Reproduce the section of the listing that begins at the line containing "Áo Thun Dệt" and finishes at the line containing "9月29日,陆浑湖畔炉火升腾". Include both end lines and nothing beyond them.

[Opening Given data section]

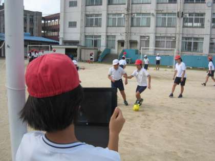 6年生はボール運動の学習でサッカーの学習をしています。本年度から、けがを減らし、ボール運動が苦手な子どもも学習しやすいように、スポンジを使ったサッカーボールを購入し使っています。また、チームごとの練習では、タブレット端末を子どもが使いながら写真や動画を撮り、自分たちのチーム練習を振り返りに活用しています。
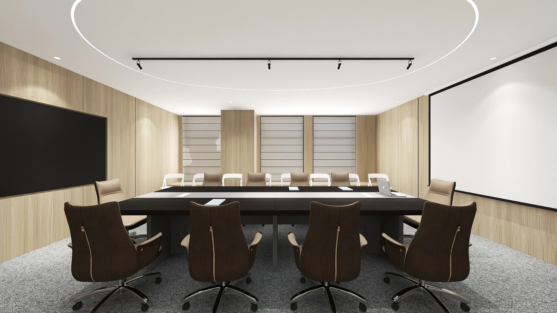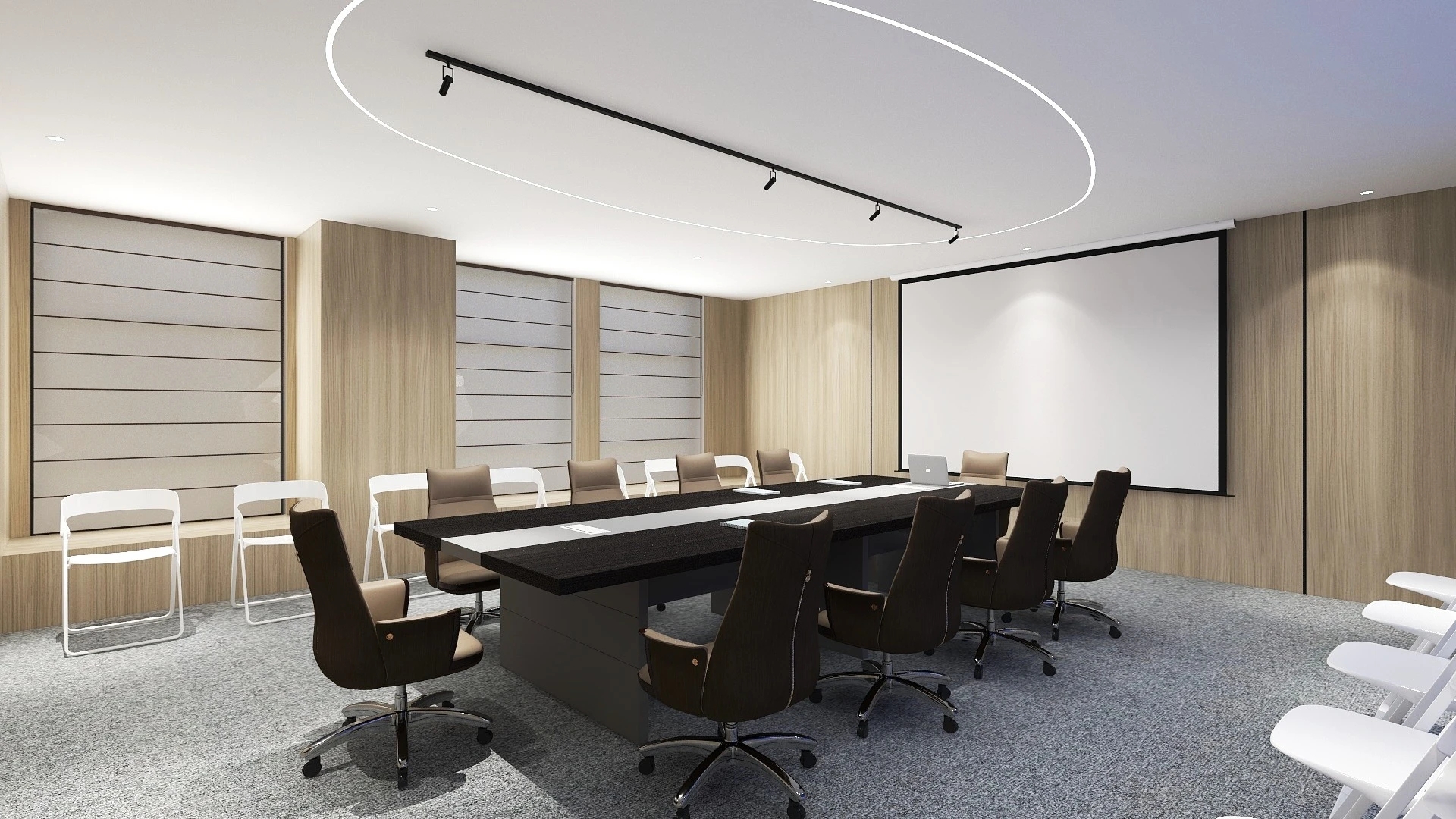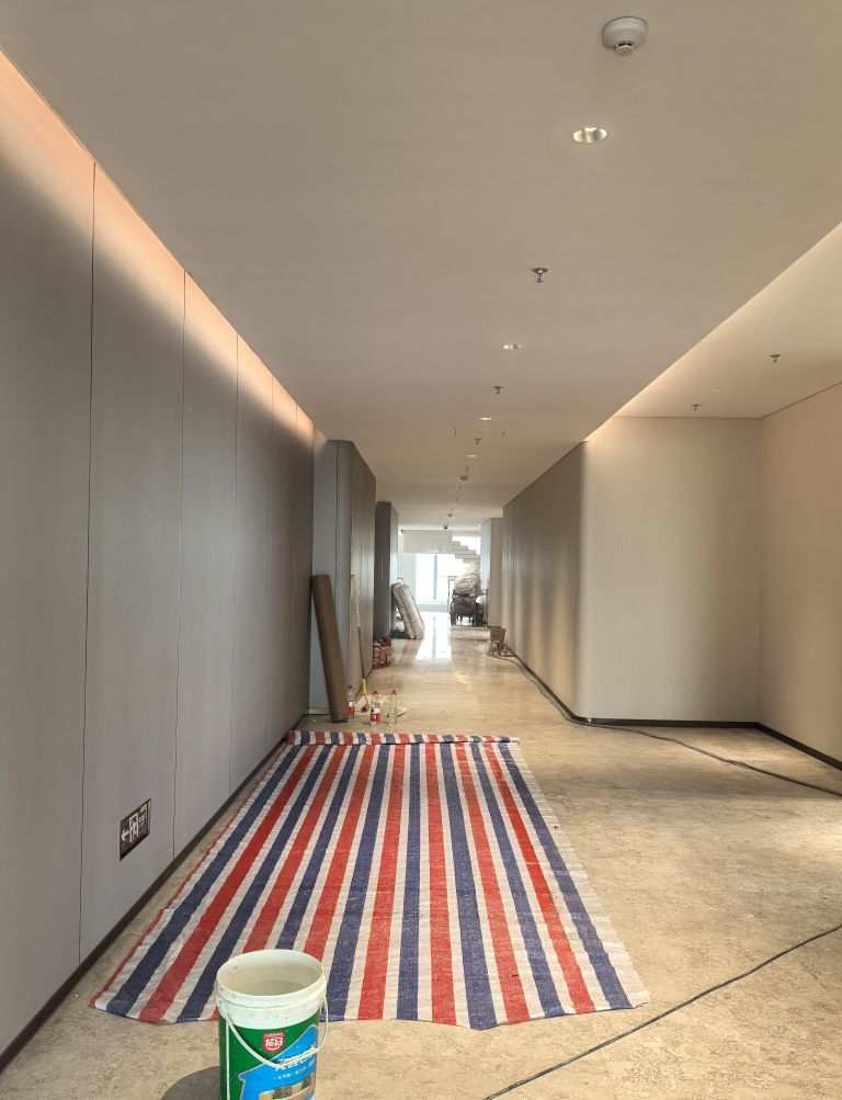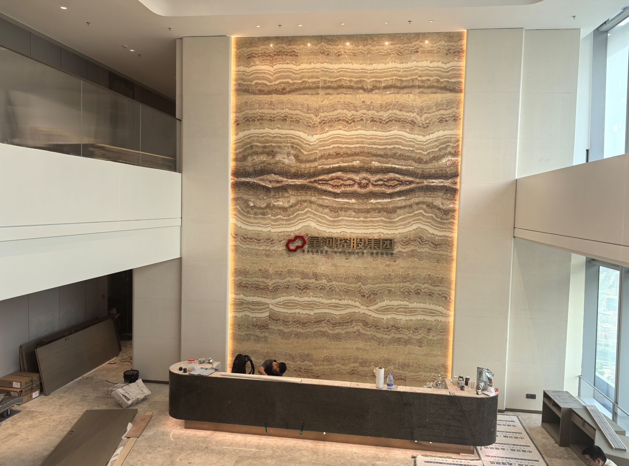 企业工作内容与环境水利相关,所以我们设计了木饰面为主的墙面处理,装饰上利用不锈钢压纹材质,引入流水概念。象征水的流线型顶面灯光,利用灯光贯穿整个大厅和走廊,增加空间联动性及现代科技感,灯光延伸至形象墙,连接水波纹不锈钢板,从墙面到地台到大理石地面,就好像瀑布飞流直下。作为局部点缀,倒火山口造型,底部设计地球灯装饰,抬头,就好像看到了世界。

[Closing Given data section]
[Opening Given data section]

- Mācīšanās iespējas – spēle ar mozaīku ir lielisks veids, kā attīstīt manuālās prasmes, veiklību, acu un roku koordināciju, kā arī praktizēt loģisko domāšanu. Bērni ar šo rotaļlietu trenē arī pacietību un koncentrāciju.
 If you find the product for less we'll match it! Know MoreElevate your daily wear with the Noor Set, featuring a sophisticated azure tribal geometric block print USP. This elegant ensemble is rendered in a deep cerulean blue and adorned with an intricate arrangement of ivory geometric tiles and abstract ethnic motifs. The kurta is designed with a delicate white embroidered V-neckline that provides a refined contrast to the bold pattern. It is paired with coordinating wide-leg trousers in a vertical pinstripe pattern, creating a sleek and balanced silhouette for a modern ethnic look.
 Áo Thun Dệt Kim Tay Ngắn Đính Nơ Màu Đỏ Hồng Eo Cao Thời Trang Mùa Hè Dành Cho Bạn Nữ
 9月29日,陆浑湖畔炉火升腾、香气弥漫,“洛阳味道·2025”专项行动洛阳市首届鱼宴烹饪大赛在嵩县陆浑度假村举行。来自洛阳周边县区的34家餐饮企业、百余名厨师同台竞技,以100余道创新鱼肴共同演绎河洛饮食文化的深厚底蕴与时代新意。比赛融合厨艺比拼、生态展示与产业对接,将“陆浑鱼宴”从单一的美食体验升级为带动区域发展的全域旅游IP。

[Closing Given data section]
[Opening Given data section]

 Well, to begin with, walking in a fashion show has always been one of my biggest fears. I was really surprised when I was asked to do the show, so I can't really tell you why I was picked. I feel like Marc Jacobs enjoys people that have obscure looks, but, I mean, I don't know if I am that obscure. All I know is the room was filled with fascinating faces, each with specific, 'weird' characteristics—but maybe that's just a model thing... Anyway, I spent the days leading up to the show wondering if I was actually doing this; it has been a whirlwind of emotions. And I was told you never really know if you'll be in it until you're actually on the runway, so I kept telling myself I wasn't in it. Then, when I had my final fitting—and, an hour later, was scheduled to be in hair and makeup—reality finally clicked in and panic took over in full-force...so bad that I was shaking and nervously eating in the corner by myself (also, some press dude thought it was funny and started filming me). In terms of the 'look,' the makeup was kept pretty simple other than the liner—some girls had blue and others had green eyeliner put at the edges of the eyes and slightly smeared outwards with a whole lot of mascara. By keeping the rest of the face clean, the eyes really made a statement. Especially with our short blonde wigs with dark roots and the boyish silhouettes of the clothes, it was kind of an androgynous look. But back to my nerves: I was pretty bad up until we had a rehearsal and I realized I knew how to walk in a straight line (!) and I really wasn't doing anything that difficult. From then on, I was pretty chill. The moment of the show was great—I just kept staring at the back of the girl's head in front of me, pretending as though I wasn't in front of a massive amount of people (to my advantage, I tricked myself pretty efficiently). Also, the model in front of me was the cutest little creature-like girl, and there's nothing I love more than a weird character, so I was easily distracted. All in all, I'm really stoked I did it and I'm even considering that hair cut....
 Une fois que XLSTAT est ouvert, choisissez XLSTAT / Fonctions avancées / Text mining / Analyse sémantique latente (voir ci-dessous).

[Closing Given data section]

Finished exercise:
 Áo Thun Dệt Kim Tay Ngắn Đính Nơ Màu Đỏ Hồng Eo Cao Thời Trang Mùa Hè Dành Cho Bạn Nữ
 9月29日,陆浑湖畔炉火升腾、香气弥漫,“洛阳味道·2025”专项行动洛阳市首届鱼宴烹饪大赛在嵩县陆浑度假村举行。来自洛阳周边县区的34家餐饮企业、百余名厨师同台竞技,以100余道创新鱼肴共同演绎河洛饮食文化的深厚底蕴与时代新意。比赛融合厨艺比拼、生态展示与产业对接,将“陆浑鱼宴”从单一的美食体验升级为带动区域发展的全域旅游IP。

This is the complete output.